How Nietzsche Found Jesus

Was the antichrist really religious?

As his authorship drew to its close, shortly before his sanity gave out, Nietzsche concluded that Christianity was “the one great curse, the one great intrinsic depravity,” and “the one immortal blemish of mankind.” Because these sentiments were not untypical of him; because they were couched in literature of such distinctive quality; because his ideas have had such an enormous impact; because one can report them to people in any sphere of life who have neither read nor even heard of Nietzsche and find them instantly recognized as a summary of attitudes they encounter, embrace, or fear, their author has been widely regarded as the foremost anti-Christian writer Europe has produced. In the early days of a new millennium, we may recall that, with a joyful sobriety too disciplined to cross the border into sheer abandoned intoxication, this self-styled antichrist wrote in his greatest work, Thus Spoke Zarathustra, of the bliss of pressing one’s hand “upon millennia as upon wax” and writing “upon the will of millennia as upon metal.”

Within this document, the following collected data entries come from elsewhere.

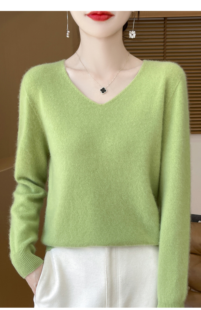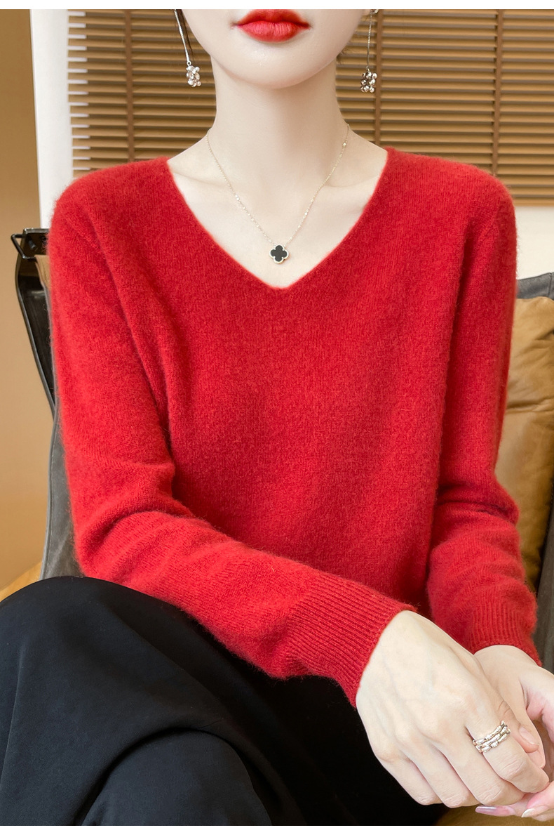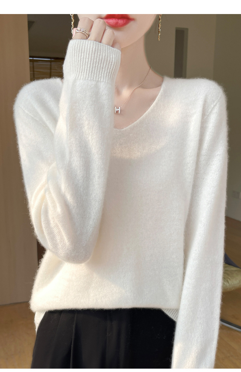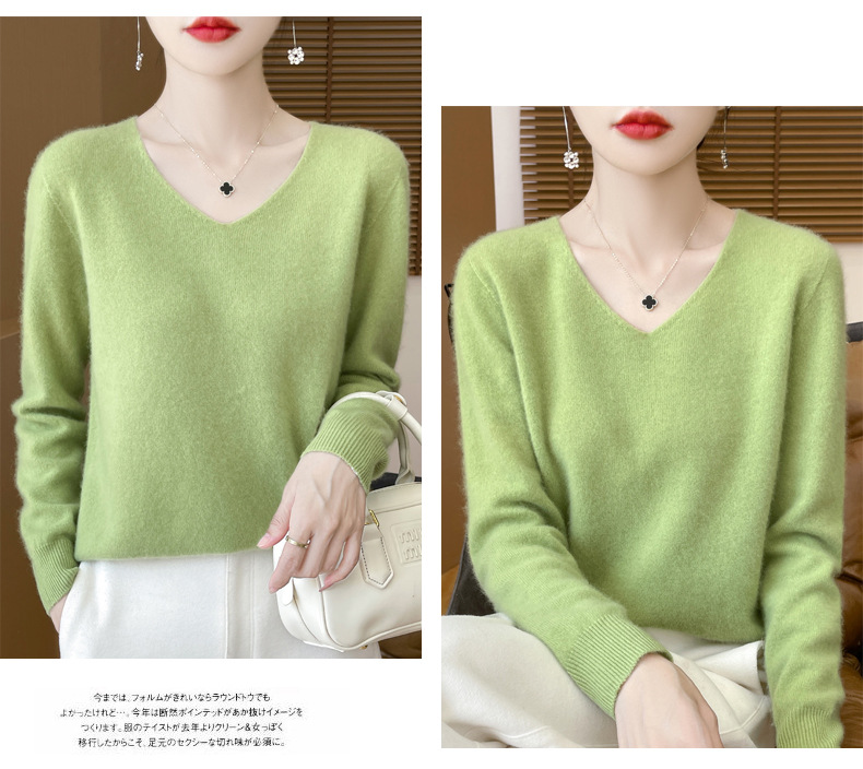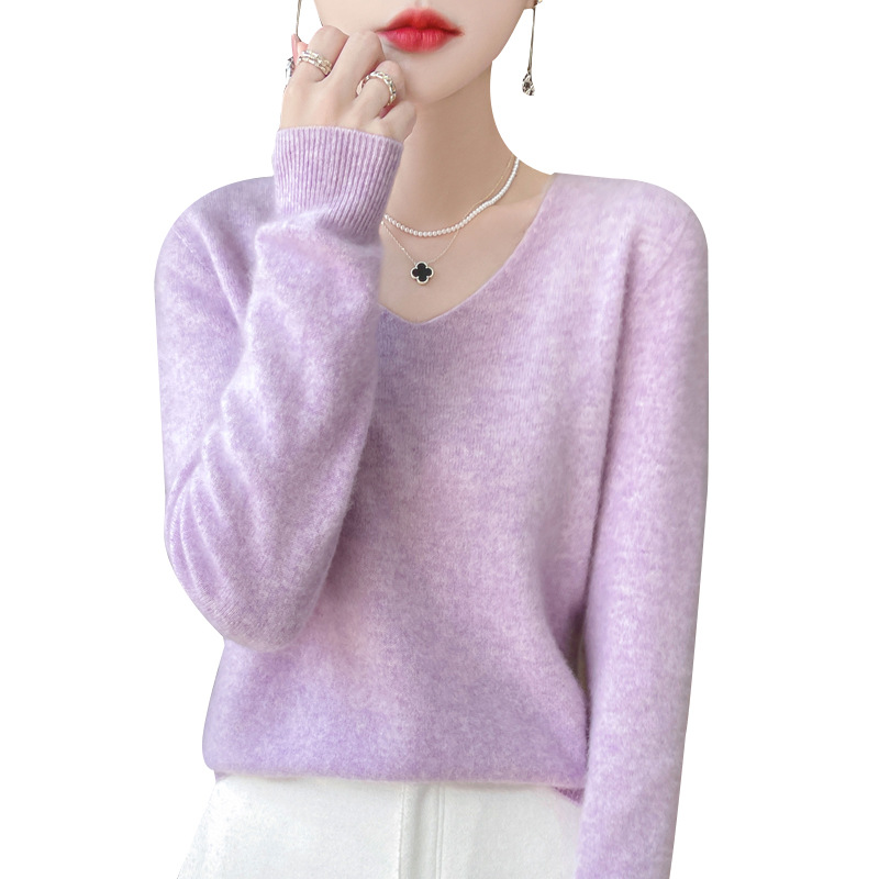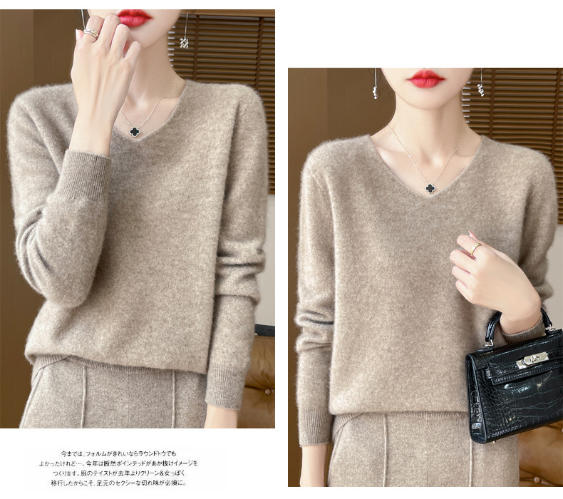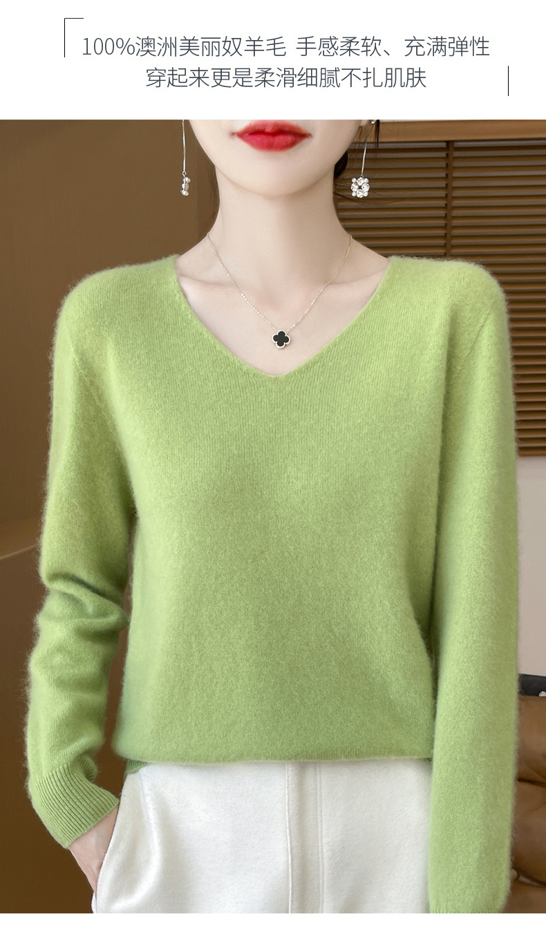 Бесшовный цельный свитер из 100 чистой шерсти, V-образный воротник, чистый цвет, с длинными рукавами, нормальный дизайн, 25, новый женский вязаный свитер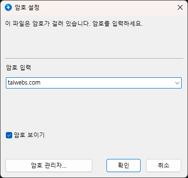 압축을 푸실 때에는 비밀번호는 위와 같이 입력해 주시면 됩니다. 암호 보이기로 이미지에 표시해 두겠습니다.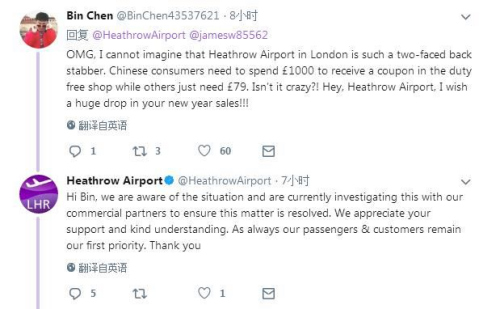 網(wǎng)友@Bin Chen:我的天哪!真難以想象希斯羅機(jī)場是這樣背后捅刀子的雙面人。中國人要花1000英鎊才能在免稅店拿到一張優(yōu)惠券,其他人就只需要79英鎊?瘋了吧?!嘿,希斯羅機(jī)場,祝您新年業(yè)績大跌!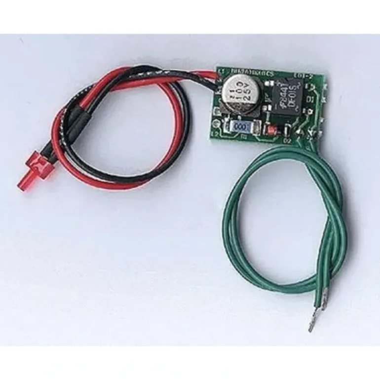 Add realism to the rear end of cars in your layout! Simply drill a 5/64 hole in the rear end of your car and insert the 1.5mm L.E.D. Hide the printed circuit board in the car, and run the flasher directly off the tracks. This will operate efficiently on just about any power source you may have. Run them off your tracks or any external power from 9-14 Volts AC or DC.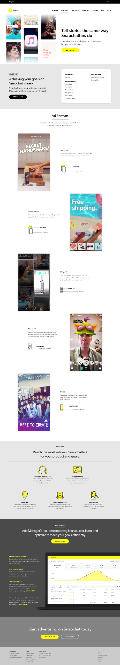 After the team found success with our original redesign, they updated the product set they offered to advertisers. They reached back out and we helped them with a content update for the Snap for Business site, adding a product explanation page and a partner showcase.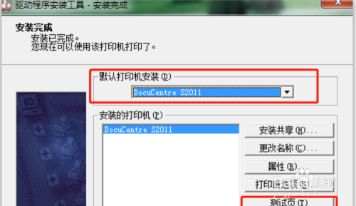 安装完成,选择默认的打印机为S2011。可以点击测试页测试是否正常。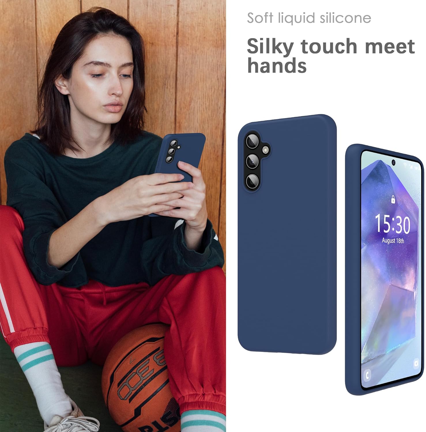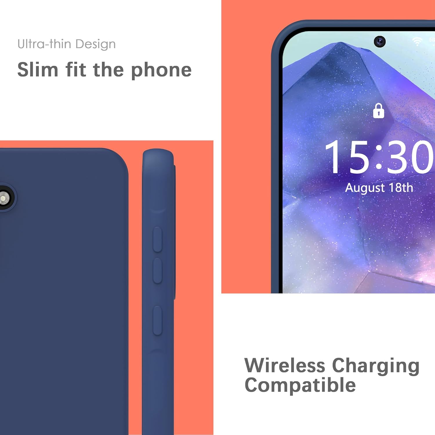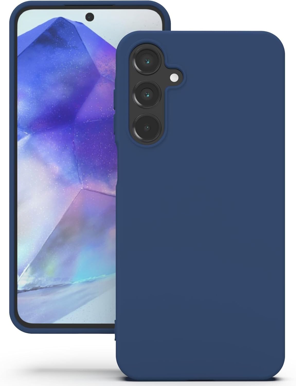 Силиконов калъф YATWIN за Samsung Galaxy A55 5G, Soft Touch, Удароустойчив, Прахоустойчив, Защитен калъф за цялото тяло, Син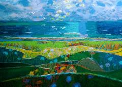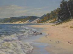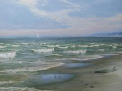 Lake Michigan Moonlight Work Medium oil on hard board Dimensions 24 in. x 18 in. CR Number CR.AM.3969 Thesaurus of Geographic Names Location Michigan, Lake Provenance private collection Harry and Marge Worst Subjects Lake Michigan Water Landscape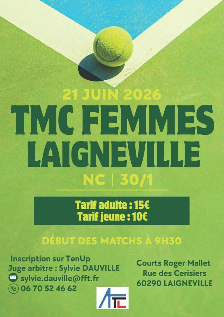 L’Association de Tennis de Laigneville organise un TMC Dames 4ème Série le 21 juin prochain.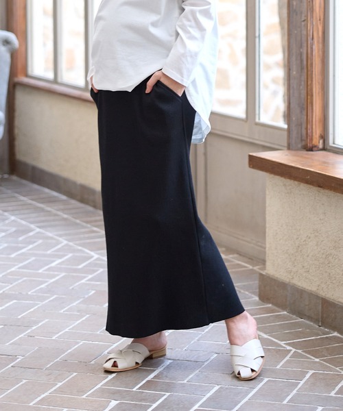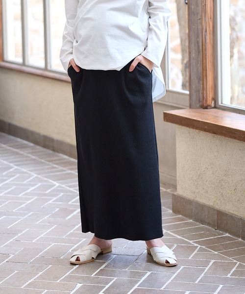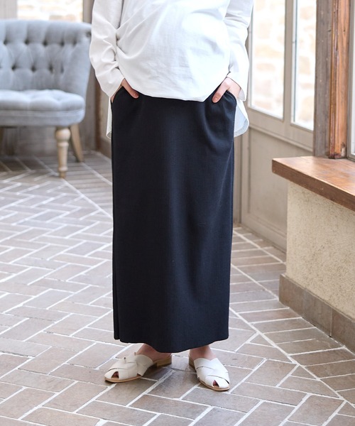 マタニティ 産後にも活躍 セルフカットできる マタニティリブナロースカート ロング(マタニティ~産後)妊婦服 産前・産後対応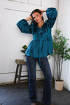 This satin top is such a pretty statement piece. The deep teal color is perfect for fall but it works great for the holidays as well! It’s got three sweet little bow ties down the front that give it a feminine and cute touch. The fabric has that smooth, silky feel that drapes so nicely. The flowy fit is comfortable and still looks polished. We like pairing it with dark denim and boots for a dinner out..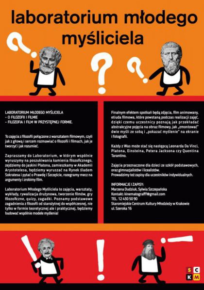 Zapraszamy do Laboratorium, w którym wspólnie wyruszymy na poszukiwania kamienia filozoficznego, zejdziemy do jaskini Platona, zamieszkamy w Akademii Arystotelesa, będziemy wyruszać na rynek śladem Sokratesa i pytać Prawdę i Szczęście, rozegramy mecz na argumenty,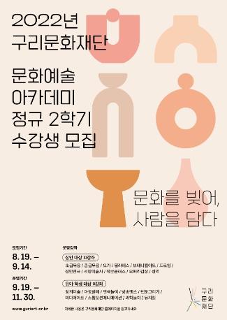 구리문화재단(이사장 백경현)이 9월 14일까지 '2022년 문화예술 아카데미 정규 2학기' 수강생을 모집한다.
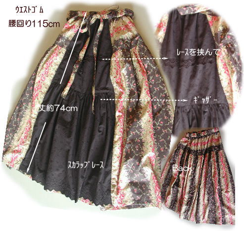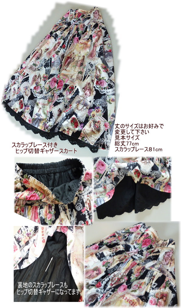 | スカラップレース付きヒップ切替ギャザースカートキット キット価格¥4500(レシピサービス)+送料 メール便200またはミニ宅配¥440 キット内容 YUWAヴィクトリアン布1.6m(¥2240)、YUWA黒ローンスカラップレース1.7m(¥2210)、ウエストゴム(\50) レシピ サービズ |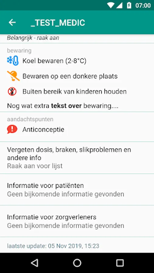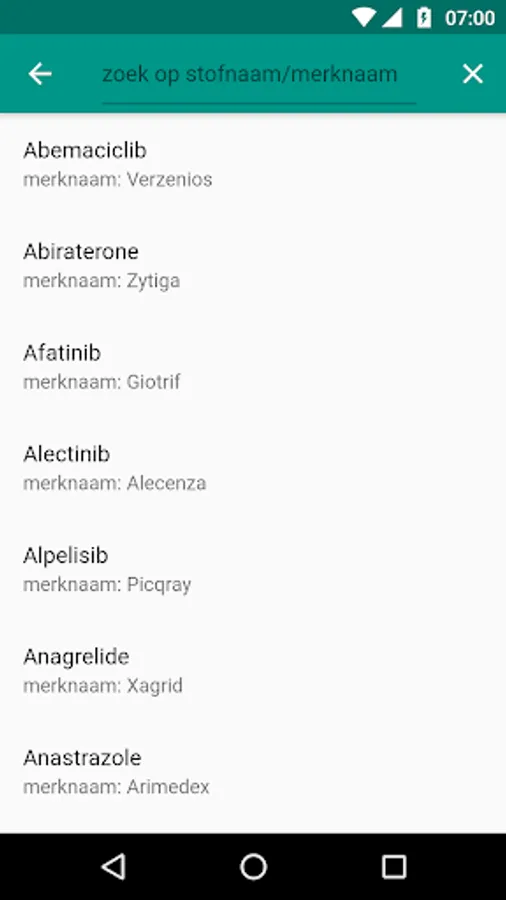 Of all products registered in Belgium you will find the brand and substance name, the type of therapy, the current indications, the schedule and the intake instructions. Patient-driven interactions, drug-related interactions, possible side effects and points for attention are also mentioned. You will also find the link to UZ Leuven's patient information and to the package leaflet.

Nietzsche Against the Crucified

Nietzsche Against the Crucified

SCM Press

226 pages

$37.46

What if we need to correct our account of Nietzsche? What if the literature has avoided or missed important and positive things he has to say about religion, even about Christianity? What if Nietzsche found a friend in Jesus? Alistair Kee, of the University of Edinburgh, strikes out in the direction of answering these questions in his provocative book, Nietzsche Against the Crucified.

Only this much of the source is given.